This is also not necessarily cloud specific however, it's about knowing who your TAs would target within your organization to pivot into your AWS cloud environment. This generally includes your global administrators, IAM team and/or your Cybersecurity team. This is a small score modifier since these people will naturally trigger detections during operational work, but it's about the collective score—every little bit helps.

| lookup all_your_identities user output department
| eval user_of_interest_mod=IF(match(department, "(?i)identity_access_management|cyber|platform"), 1 , 0)

AWS Identities of Interest - Privileged (+1-5)

Assuming you have an inventory of your AWS IAM identities and can be used in a lookup, this should be easy. If not, you may be able to fall back to your naming convention for privileged identities. Similar to your Tier 0 resources, your Tier 0 AWS identities are critical to track across your detection events. I'd recommend reserving the higher end of this score range to be for your "break glass" identities, global admins and/or Tier 0 tagged identities. Other generally privileged identities can be scored at the lower end of this range.

| lookup tier_0_identities resource_arn as aws_identity_arn output tag
| eval aws_identity_priv_mod=case(match(aws_identity_arn, "(?i)break_glass_role|global_admin_role") OR tag="tier_0", 5, match(aws_identity_arn, "(?i)admin_role") OR tag="privileged" , 1, true(), 0)

The eval command above uses a case function which that matches on the first true condition. This ensures that Tier 0 identities receive the higher score, while other privileged identities are assigned a lower score.

AWS Identities of Interest - External Access (+5)

This modifier is near and dear to my heart. And that is simply because...I do not trust any vendor that can reach into my environment—even if they were paid to do so. "Keep your friends close and your...", well I won't go that far but you get my point. All jokes aside, it's important to pay close attention to any identity that can AssumeRole into your AWS environment. Hopefully you keep track of these ARNs and even better if you are aware of which services and APIs those identities are expected to use. I would leave the higher end of this scoring range to vendor roles that can modify resources and the mid-lower end for your less privileged or read-only roles.
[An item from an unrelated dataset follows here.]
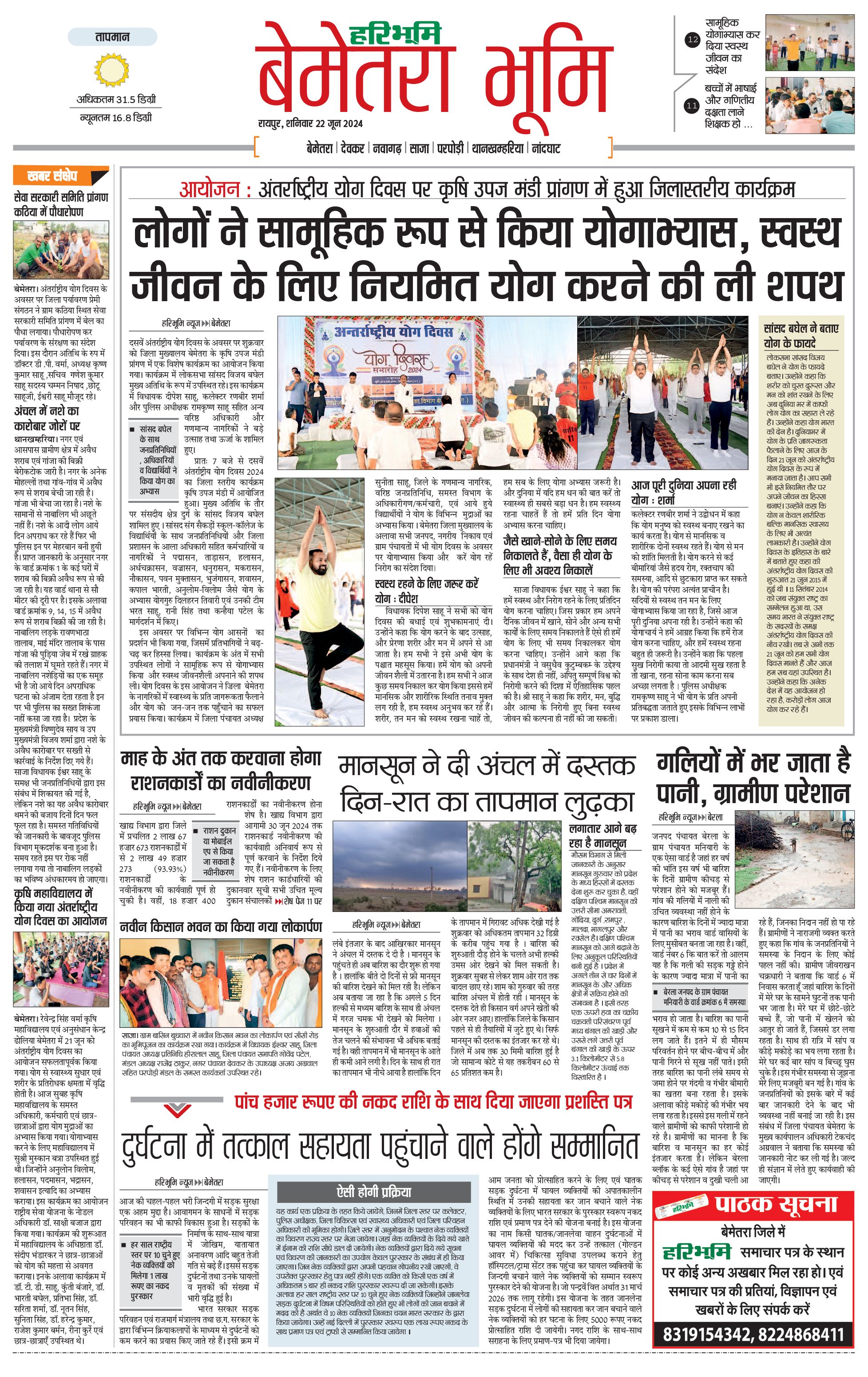 बेमेतरा भूमि - 22 Jun 2024 - - Page 1

| lookup tier_0_identities resource_arn as aws_identity_arn output tag
| eval aws_identity_ext_mod=case(tag="external_access" AND tag="privileged", 5, tag="external_access" AND tag="read_only", 3,tag="external_access", 1, true(), 0)

User Agents of Interest (+5-10)

I know some of you reading this just 🙄, but hear me out. This is a very select group of user agent (UA) strings that cover tooling that is anomalous in your environment or ones you're confident would be evil:

Pacu isn't on this list due to its feature that randomizes the user agent string which was meant to bypass AWS GuardDuty... nice touch. The rest, however, are easy, low-hanging fruit. Don't give your threat actor too much credit—they're often just as lazy as we are. This list is obviously not all-inclusive, but beyond similar AWS attack tools, you'd need to be very confident that their prevalence is low or non-existent in your environment before adding them to your scoring engine... so proceed with caution here.

Additionally, you should make exceptions for your internal red team/security team who may be using these tools to improve your AWS security posture.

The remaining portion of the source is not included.